Ik weet nu wat er aan de hand is. Eerst laat ik de Samurai zijn verdriet ontladen. Vervolgens vraag ik hem, daarbij een beroep doend op zijn eergevoel, of hij en mijn cliënte dezelfde ziel zijn. Een krachtig “nee!” is het antwoord. Het blijkt dat de ziel van onze Samurai na zijn dood troost zocht bij de eerdergenoemde geisha. Niet de Samurai maar de geisha blijkt een eerdere incarnatie van mijn cliënte te zijn.
Donderende klap
Met veel tact en liefde is zij er uiteindelijk in geslaagd om hem te laten vertrekken. Hij was een verstarde en verscheurde, maar tevens gevoelige en dappere persoonlijkheid. Het ga hem goed, op weg naar de zon. Even later lig ik in bed, in het donker. Plotseling valt boven in mijn atelier met donderende klap een blok hout om. Een laatste groet?
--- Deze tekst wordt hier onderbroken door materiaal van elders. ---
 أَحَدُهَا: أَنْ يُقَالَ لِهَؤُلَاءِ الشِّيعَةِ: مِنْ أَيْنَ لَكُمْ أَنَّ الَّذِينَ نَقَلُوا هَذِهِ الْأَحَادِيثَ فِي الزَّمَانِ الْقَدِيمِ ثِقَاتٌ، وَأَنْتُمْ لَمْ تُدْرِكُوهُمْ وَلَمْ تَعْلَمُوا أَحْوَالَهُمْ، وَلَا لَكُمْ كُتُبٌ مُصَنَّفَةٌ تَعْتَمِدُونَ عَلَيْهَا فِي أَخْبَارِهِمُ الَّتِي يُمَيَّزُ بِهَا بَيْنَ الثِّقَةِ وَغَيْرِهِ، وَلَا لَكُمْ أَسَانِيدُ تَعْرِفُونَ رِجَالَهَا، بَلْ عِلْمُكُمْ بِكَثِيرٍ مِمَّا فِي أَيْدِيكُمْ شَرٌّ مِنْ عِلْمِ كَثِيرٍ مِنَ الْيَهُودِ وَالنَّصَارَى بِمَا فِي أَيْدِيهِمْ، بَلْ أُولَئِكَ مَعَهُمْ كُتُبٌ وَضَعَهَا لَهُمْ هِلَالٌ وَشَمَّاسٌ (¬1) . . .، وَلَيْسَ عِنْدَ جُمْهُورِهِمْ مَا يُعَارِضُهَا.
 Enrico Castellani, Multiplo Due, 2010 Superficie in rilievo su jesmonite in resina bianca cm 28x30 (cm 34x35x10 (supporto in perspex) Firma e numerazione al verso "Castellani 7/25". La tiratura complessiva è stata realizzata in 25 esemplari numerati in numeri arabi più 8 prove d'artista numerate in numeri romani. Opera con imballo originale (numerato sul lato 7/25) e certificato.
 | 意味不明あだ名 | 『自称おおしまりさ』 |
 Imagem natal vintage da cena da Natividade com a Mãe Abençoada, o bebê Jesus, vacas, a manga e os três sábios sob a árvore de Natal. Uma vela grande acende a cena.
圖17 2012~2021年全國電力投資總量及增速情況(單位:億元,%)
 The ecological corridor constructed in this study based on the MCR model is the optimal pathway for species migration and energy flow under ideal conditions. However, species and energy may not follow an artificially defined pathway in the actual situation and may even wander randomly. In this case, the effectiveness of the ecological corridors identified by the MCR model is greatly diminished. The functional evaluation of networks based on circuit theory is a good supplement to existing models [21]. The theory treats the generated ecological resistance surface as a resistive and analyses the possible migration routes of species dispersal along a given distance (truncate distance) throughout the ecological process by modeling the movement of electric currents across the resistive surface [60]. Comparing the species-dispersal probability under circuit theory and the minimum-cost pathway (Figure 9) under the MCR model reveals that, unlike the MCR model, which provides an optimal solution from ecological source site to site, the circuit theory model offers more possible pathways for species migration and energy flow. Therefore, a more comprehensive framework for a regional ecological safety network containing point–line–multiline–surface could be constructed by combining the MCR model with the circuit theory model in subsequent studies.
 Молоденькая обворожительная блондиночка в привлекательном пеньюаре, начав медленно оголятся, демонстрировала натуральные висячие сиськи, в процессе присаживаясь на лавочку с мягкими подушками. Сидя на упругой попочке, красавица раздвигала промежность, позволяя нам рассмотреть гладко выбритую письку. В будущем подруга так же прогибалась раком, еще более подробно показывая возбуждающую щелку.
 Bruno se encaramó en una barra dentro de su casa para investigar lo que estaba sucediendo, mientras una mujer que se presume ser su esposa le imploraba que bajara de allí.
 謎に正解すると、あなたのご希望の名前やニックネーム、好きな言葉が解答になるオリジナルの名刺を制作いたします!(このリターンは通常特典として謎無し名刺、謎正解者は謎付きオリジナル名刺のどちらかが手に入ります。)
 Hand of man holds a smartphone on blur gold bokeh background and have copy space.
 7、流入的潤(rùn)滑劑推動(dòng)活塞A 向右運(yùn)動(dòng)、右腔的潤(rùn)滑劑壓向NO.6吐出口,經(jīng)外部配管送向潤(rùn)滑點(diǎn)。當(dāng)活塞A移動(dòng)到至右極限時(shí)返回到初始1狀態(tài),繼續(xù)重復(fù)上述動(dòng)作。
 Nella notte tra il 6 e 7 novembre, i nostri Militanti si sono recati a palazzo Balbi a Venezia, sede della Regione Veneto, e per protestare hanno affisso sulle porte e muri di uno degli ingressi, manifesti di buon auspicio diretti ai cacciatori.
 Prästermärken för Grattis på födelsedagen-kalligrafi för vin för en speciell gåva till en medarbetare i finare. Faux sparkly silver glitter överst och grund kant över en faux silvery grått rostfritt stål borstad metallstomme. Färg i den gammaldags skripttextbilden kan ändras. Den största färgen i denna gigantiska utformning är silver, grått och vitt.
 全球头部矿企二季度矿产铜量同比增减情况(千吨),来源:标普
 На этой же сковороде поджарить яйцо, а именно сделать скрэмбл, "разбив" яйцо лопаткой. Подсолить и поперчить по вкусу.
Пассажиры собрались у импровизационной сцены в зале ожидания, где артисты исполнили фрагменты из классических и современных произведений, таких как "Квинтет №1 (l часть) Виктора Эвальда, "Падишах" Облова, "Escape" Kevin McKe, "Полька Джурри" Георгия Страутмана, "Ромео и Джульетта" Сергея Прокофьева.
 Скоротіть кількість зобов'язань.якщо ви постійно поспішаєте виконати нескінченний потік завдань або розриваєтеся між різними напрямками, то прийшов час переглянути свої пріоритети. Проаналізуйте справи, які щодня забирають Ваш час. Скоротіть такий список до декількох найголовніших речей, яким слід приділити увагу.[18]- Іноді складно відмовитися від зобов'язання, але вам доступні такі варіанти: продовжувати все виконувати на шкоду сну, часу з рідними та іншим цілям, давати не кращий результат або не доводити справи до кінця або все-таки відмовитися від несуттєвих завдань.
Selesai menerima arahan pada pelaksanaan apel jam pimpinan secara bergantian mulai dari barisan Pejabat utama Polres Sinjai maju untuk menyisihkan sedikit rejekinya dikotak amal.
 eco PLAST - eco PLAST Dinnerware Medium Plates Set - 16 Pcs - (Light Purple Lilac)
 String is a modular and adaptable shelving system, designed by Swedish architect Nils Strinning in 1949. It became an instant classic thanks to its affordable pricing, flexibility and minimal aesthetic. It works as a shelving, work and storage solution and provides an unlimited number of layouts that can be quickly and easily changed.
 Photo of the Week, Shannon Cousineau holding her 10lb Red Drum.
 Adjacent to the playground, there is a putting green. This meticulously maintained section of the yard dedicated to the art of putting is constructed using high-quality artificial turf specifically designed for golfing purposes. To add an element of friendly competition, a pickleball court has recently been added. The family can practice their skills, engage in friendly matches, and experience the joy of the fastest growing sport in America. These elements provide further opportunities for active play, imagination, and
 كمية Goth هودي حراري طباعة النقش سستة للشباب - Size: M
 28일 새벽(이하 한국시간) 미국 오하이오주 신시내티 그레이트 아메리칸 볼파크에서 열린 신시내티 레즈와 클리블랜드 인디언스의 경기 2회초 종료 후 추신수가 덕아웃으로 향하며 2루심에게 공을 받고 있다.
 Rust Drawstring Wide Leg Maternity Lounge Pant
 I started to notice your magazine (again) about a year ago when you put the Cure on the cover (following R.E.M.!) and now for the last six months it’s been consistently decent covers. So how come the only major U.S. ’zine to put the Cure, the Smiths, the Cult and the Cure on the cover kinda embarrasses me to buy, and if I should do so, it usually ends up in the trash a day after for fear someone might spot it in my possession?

Niet zo handig van me, om een bij de nek aangehechte obsessor in het hart van de cliënte te laten sluiten. Hoewel alles zich daardoor wel zeer snel en duidelijk oploste. Al met al is dit de vierde keer in korte tijd dat ik in mijn praktijk op een obsessor stuit. Een korte inventarisatie leert dat ze het volgende met elkaar gemeen hebben:
- Ze zijn in verwarring en zoeken hulp (bewust of onbewust).
- Ze hechten aan bij een hen vertrouwd persoon en/of bij iemand die -al dan niet met hulp- over de kwaliteiten beschikt om de obsessor te helpen.
- Er is een gemeenschappelijk element in ervaring, karakter of situatie van cliënt en obsessor.
Ik begin van obsessors te houden, laat ze maar komen!